この時点で私は、最も安全な対策として、出発日を2月25日しよう、と決断した。搭乗前の14日間隔離は「3月1日から施行」ということなので、その施行前の2月25日のほうが入国がより確実になるだろうと考えたのだ。幸いにも、2月25日以降にカンボジアでのライブや音楽イベントの予定はなかった。チケットも変更できた。

ここまでやると、問題は「今からPCR検査などをやって2月25日のフライトに間に合うのか」ということだ。問い合わせると「2月23日に検査に来い」となった。このPCR検査で陰性の証明書をもらい大使館で申請し、「入国OK」を意味するスマホアプリ「健康QRコード」を緑色に光らせることができれば、ようやく私は中国に入国できる。

デジタル化が進んだ検査手続きに驚く

検査の有効期間や申請時間を考え、23日にPCR検査、24日に結果受け取り、25日午前に中国大使館で申請という流れで進めることにした。そして23日にプノンペンの検査場に行くなり、びっくりさせられた。100人を優に超える人間が並んでいて、「ここは中国か!」と思うほど全員中国人なのだ。案内のアナウンスや現地スタッフまで全員、中国語を話している。中国語がわかる私には楽だ。

PCR検査陰性の証明書をゲット! ところが後々これが出国手続きで障害に……(写真・筆者撮影)

ところが、整理番号をもらうのに数時間、それを持って実際に検査に並ぶのに数時間……。気がつけばもう半日仕事になっていた。ただ、待たされたものの、検査自体はあっという間に終わった。途中で「日本人だよね? 行き先は中国でいいの?」と何度か確認された。このご時世、有効な労働ビザを持っている日本人がカンボジアから中国に飛ぶということはとても珍しく、またこの検査場で中国人以外の外国人がいることがすでに珍しかったのだろう。

というわけで翌日。夕方5時に同じ会場に行って無事に陰性証明をゲット! しかし、この証明書が後に大きな問題を引き起こすことになるとは、この時点ではわかっていなかったのである。

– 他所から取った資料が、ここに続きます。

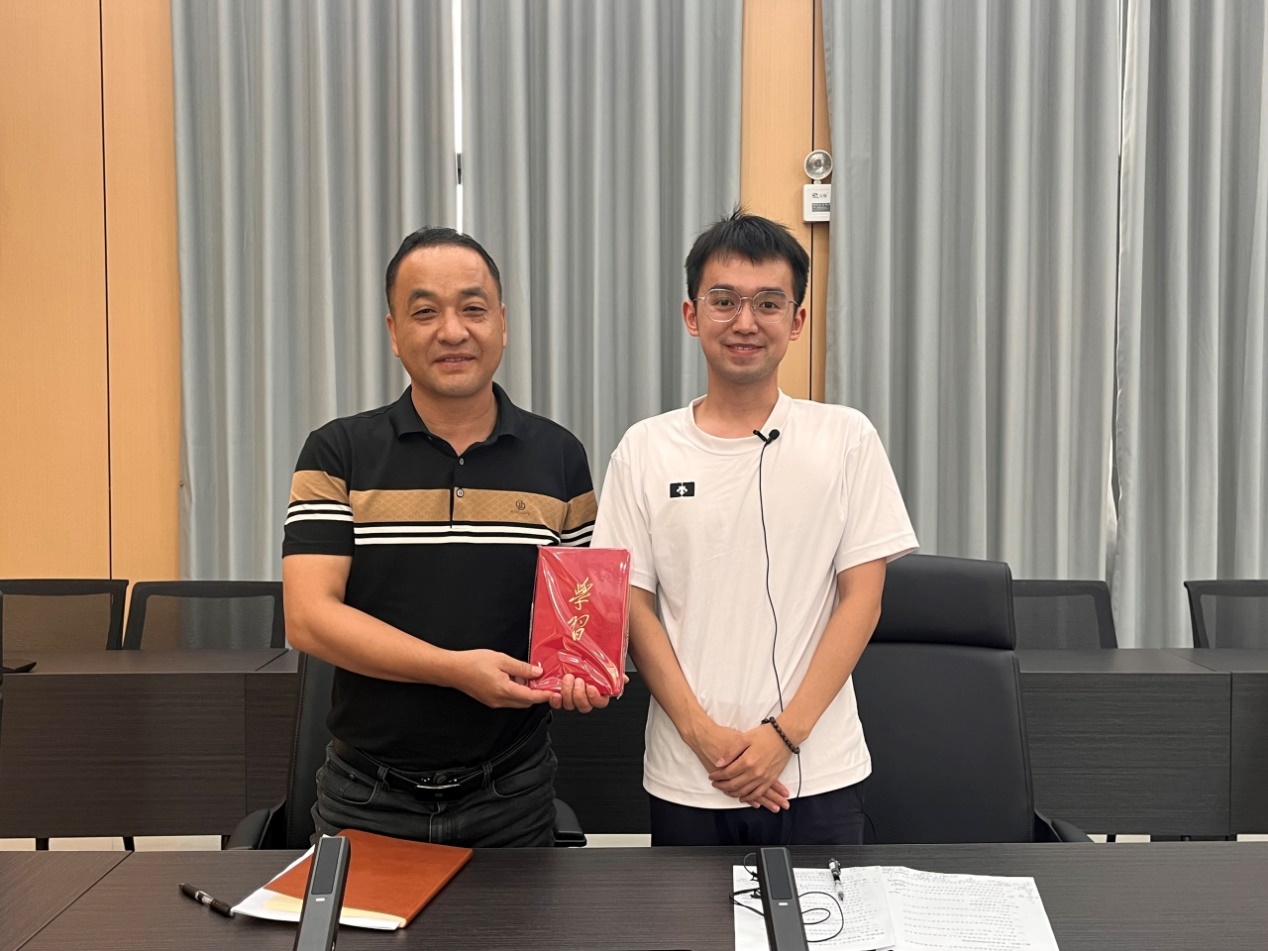 ▲黑料社 博士生杨力权访谈南沙镇党委书记李家亮后赠书留念
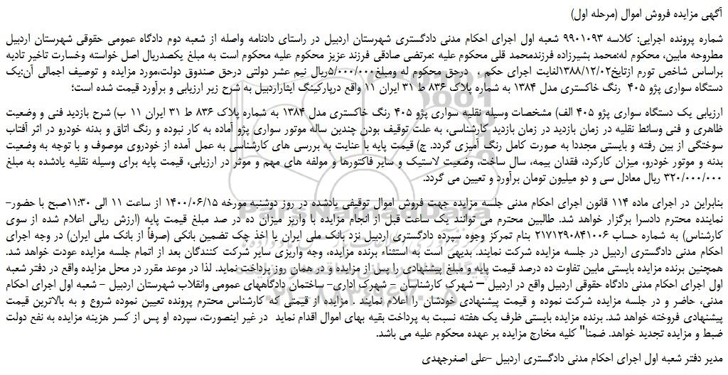 شماره پرونده اجرایی: کلاسه 9901093 شعبه اول اجرای احکام مدنی دادگستری شهرستان اردبیل در راستای دادنامه واصله از شعبه دوم دادگاه عمومی حقوقی شهرستان اردبیل مطروحه مابین، محکوم له:محمد بشیرزاده فرزندمحمد قلی محکوم علیه :مرتضی صادقی فرزند عزیز محکوم علیه محکوم است به مبلغ یکصدریال اصل خواسته وخسارت تاخیر تادیه براساس شاخص تورم ازتایخ1388/12/02لغایت اجرای حکم ،  درحق محکوم له ومبلغ5/000/000ریال نیم عشر دولتی درحق صندوق دولت،مورد مزایده و توصیف اجمالی آن:یک دستگاه سواری پژو 405  رنگ خاکستری مدل 1384 به شماره پلاک 836 ط 31 ایران 11 واقع درپارکینگ ایثاراردبیل به شرح زیر ارزیابی و برآورد قیمت شده است؛

証明書を受け取って帰ろうと思ったら、中国人が何やらこの写真を撮って携帯で色々やっているので質問してみた。「明日これ持って大使館行って緑色健康QRコードもらうんだよね?」「え?大使館なんか行かないよ」。

IT先進国の中国、これをネットで申請するということは十分考えられる。ネットでの申請をどうやるのか聞いたら、中国のSNSメッセンジャー「WeChat」にあるアプリで登録しているようだ。WeChatは中国で生きていくためには必需アプリなので、私も持っている。その中国人がすいすいとミニアプリを使えるようにしてくれたのだが、やってみるとこれはどうやら中国人だけしか使えない。